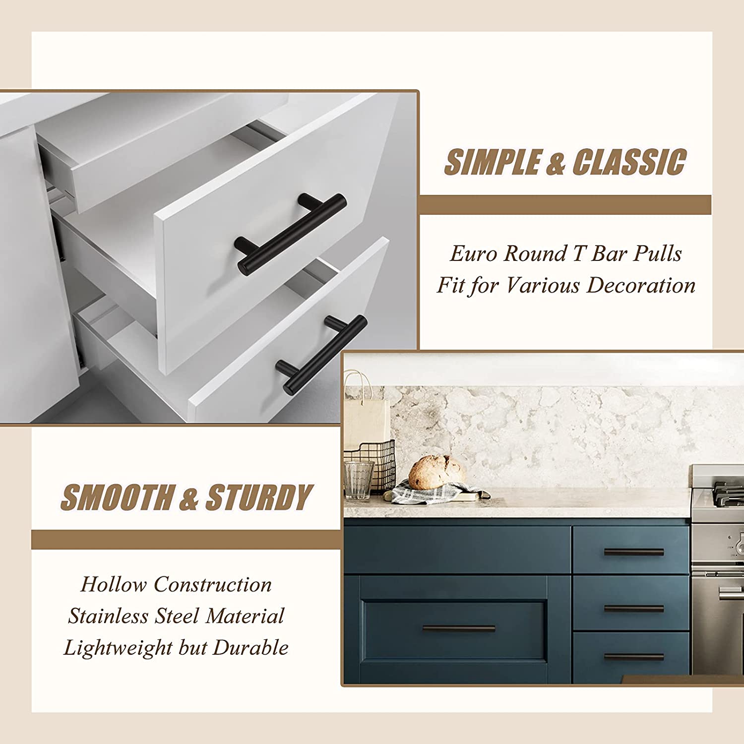 Onze zwarte keukenkast bar handgrepen zijn gemaakt van hoogwaardige materialen, duurzaam en roestvrij, en combineren schoonheid en functionaliteit in één. De eenvoudige stijl maakt ze gemakkelijk te installeren en geschikt voor verschillende soorten kasten, ongeacht de stijl van je huis of de grootte van je kasten. Deze handgrepen bieden een perfecte oplossing voor je huis en kasten.
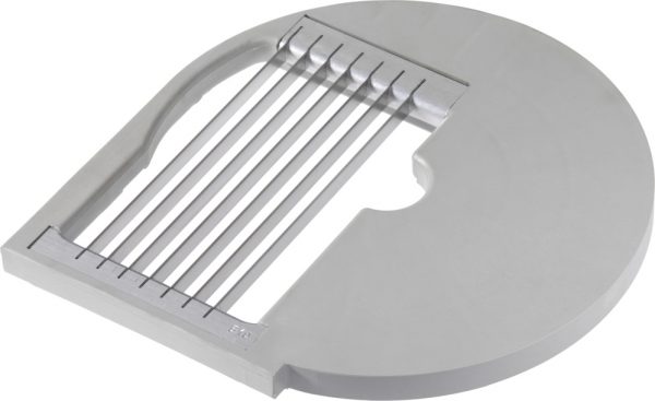 Диск имеет сложную форму в виде круга с угловым элементом, в котором установлен блок длинных лезвий для нарезки соломки. Основание диска и лезвия изготовлены из нержавеющей стали.
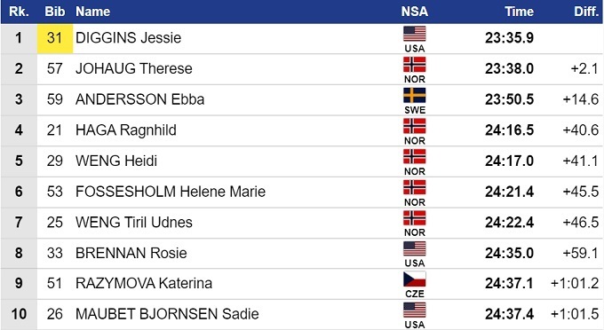майже врівень йшли всю дистанцію двоє, але у Діггінс був настільки стрімкий фініш, що знаючи її графік Йохауг не змогла її випередити
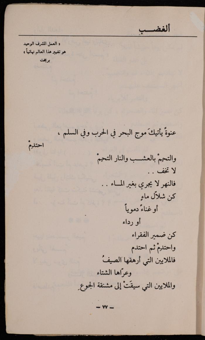 Printed in Arabic, this document shows a poem by Ali Fodeh titled "Al-Ghadab (Anger)", and it is from his poetry collection "Iwa' ath-Thi'b (Howl of the Wolf)" which was published in 1977.;Ozrail, Samar. Hind Battah. "Ali Fodeh Collection". Archival Inventory, 17 December 2019. The Palestinian Museum Digital Archive.
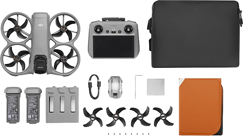 Fly More Combo sisältää kolme älykästä lentoakkua ja Two-Way Charging Hub -latauskeskuksen, joka mahdollistaa tehokkaan ja rinnakkaisen lataamisen. 42 Gt sisäinen tallennustila, nopea Wi‑Fi 6 -tiedonsiirto sekä älykkäät toiminnot, kuten Spotlight Free ja ActiveTrack 360°, tekevät kuvaamisesta ja materiaalin jakamisesta sujuvaa.
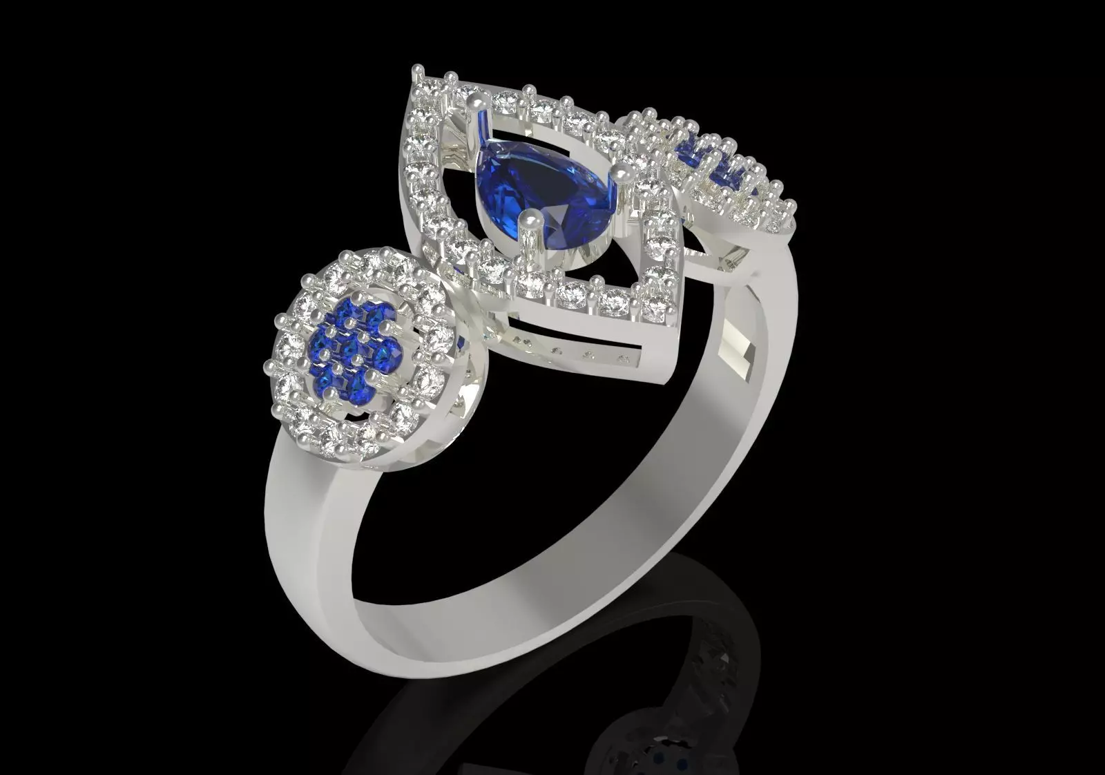 - Center Stone: At the top, a Teardrop/Pear-Cut Sapphire in Deep, Rich Blue color is set.
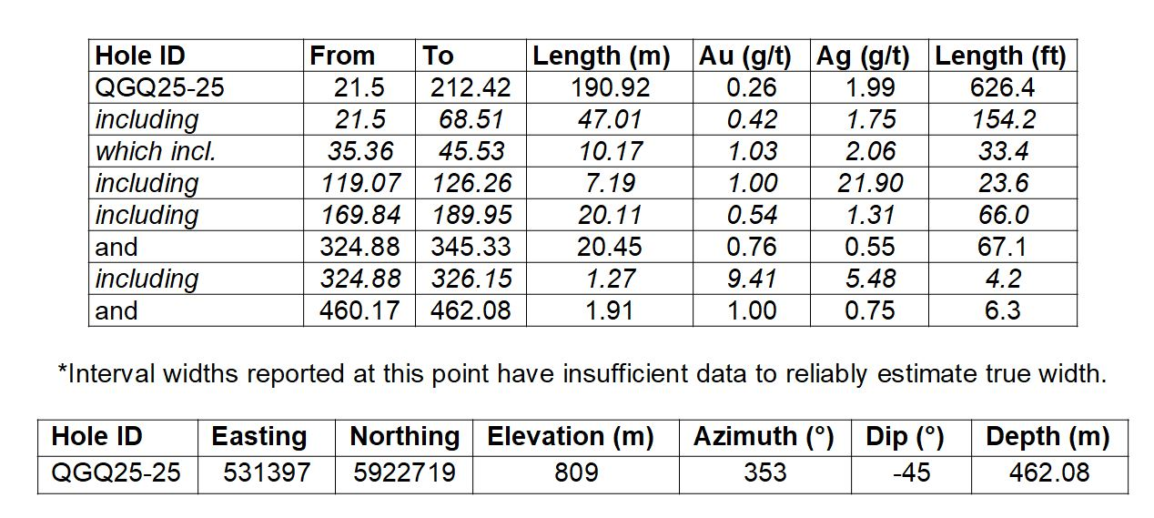 Diamond drill hole QGQ25-25 is a stepout in the Halo zone, with the collar being 96 m to the north-northeast of QGQ24-20, which returned 0.99 g/t Au and 9.77 g/t silver over 236.88 m. QGC25-28, an 80-metre step north of diamond drill hole QGQ25-25, is currently being extended to target depth, intersecting extensive quartz-carbonate veins.
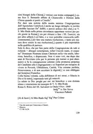 richiede = abneget semetipsum , tollat Crucem suam , et sequatur5 Dominum Nostrum lesum Christum nella vita umile , laboriosa , benefica , e disprezzata . Non vi sono voti , ma dopo due anni di Noviziato ( che per le persone già mature si può diminuire ) si fa la consagrazione solenne colla promessa perpetua del Candidato alla Congregazione e ai Superiori prò tempore di vivere in Povertà , Ubbidienza , Castità , Vita comune perfetta , Perseveranza , e di non accettare le dignitàf ,] se non obbligato dal Somfmo ] Pontefice .
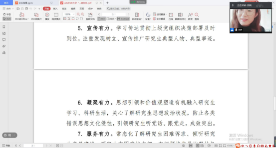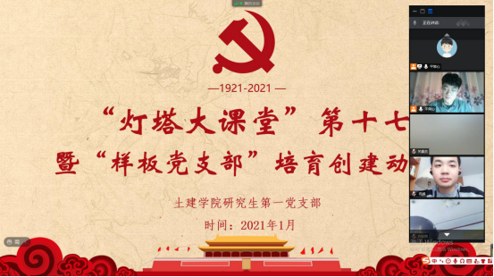 为进一步规范党支部的组织生活,提高支部党员的理论学习水平,深入推进“研究生样板党支部”的培育创建工作,确保党员队伍放假“不掉线”。1月28日下午,beat365英国官方网站研究生第一党支部通过腾讯会议线上召开支部大会,集中组织学习了“灯塔大课堂”第十七讲,并就“研究生样板党支部”的创建工作作了动员,研究生第一党支部全体党员、学工办老师沈娇及部分入党积极分子代表参与了本次会议,会议由党支部书记韩一鸣主持。

#### WORK INSTRUCTIONS:
In full and without changes, repeat the listing above, but not its pictures.

#### REPLY:
 Onze zwarte keukenkast bar handgrepen zijn gemaakt van hoogwaardige materialen, duurzaam en roestvrij, en combineren schoonheid en functionaliteit in één. De eenvoudige stijl maakt ze gemakkelijk te installeren en geschikt voor verschillende soorten kasten, ongeacht de stijl van je huis of de grootte van je kasten. Deze handgrepen bieden een perfecte oplossing voor je huis en kasten.
 Диск имеет сложную форму в виде круга с угловым элементом, в котором установлен блок длинных лезвий для нарезки соломки. Основание диска и лезвия изготовлены из нержавеющей стали.
майже врівень йшли всю дистанцію двоє, але у Діггінс був настільки стрімкий фініш, що знаючи її графік Йохауг не змогла її випередити
 Printed in Arabic, this document shows a poem by Ali Fodeh titled "Al-Ghadab (Anger)", and it is from his poetry collection "Iwa' ath-Thi'b (Howl of the Wolf)" which was published in 1977.;Ozrail, Samar. Hind Battah. "Ali Fodeh Collection". Archival Inventory, 17 December 2019. The Palestinian Museum Digital Archive.
 Fly More Combo sisältää kolme älykästä lentoakkua ja Two-Way Charging Hub -latauskeskuksen, joka mahdollistaa tehokkaan ja rinnakkaisen lataamisen. 42 Gt sisäinen tallennustila, nopea Wi‑Fi 6 -tiedonsiirto sekä älykkäät toiminnot, kuten Spotlight Free ja ActiveTrack 360°, tekevät kuvaamisesta ja materiaalin jakamisesta sujuvaa.
 - Center Stone: At the top, a Teardrop/Pear-Cut Sapphire in Deep, Rich Blue color is set.
 Diamond drill hole QGQ25-25 is a stepout in the Halo zone, with the collar being 96 m to the north-northeast of QGQ24-20, which returned 0.99 g/t Au and 9.77 g/t silver over 236.88 m. QGC25-28, an 80-metre step north of diamond drill hole QGQ25-25, is currently being extended to target depth, intersecting extensive quartz-carbonate veins.
 richiede = abneget semetipsum , tollat Crucem suam , et sequatur5 Dominum Nostrum lesum Christum nella vita umile , laboriosa , benefica , e disprezzata . Non vi sono voti , ma dopo due anni di Noviziato ( che per le persone già mature si può diminuire ) si fa la consagrazione solenne colla promessa perpetua del Candidato alla Congregazione e ai Superiori prò tempore di vivere in Povertà , Ubbidienza , Castità , Vita comune perfetta , Perseveranza , e di non accettare le dignitàf ,] se non obbligato dal Somfmo ] Pontefice .
 为进一步规范党支部的组织生活,提高支部党员的理论学习水平,深入推进“研究生样板党支部”的培育创建工作,确保党员队伍放假“不掉线”。1月28日下午,beat365英国官方网站研究生第一党支部通过腾讯会议线上召开支部大会,集中组织学习了“灯塔大课堂”第十七讲,并就“研究生样板党支部”的创建工作作了动员,研究生第一党支部全体党员、学工办老师沈娇及部分入党积极分子代表参与了本次会议,会议由党支部书记韩一鸣主持。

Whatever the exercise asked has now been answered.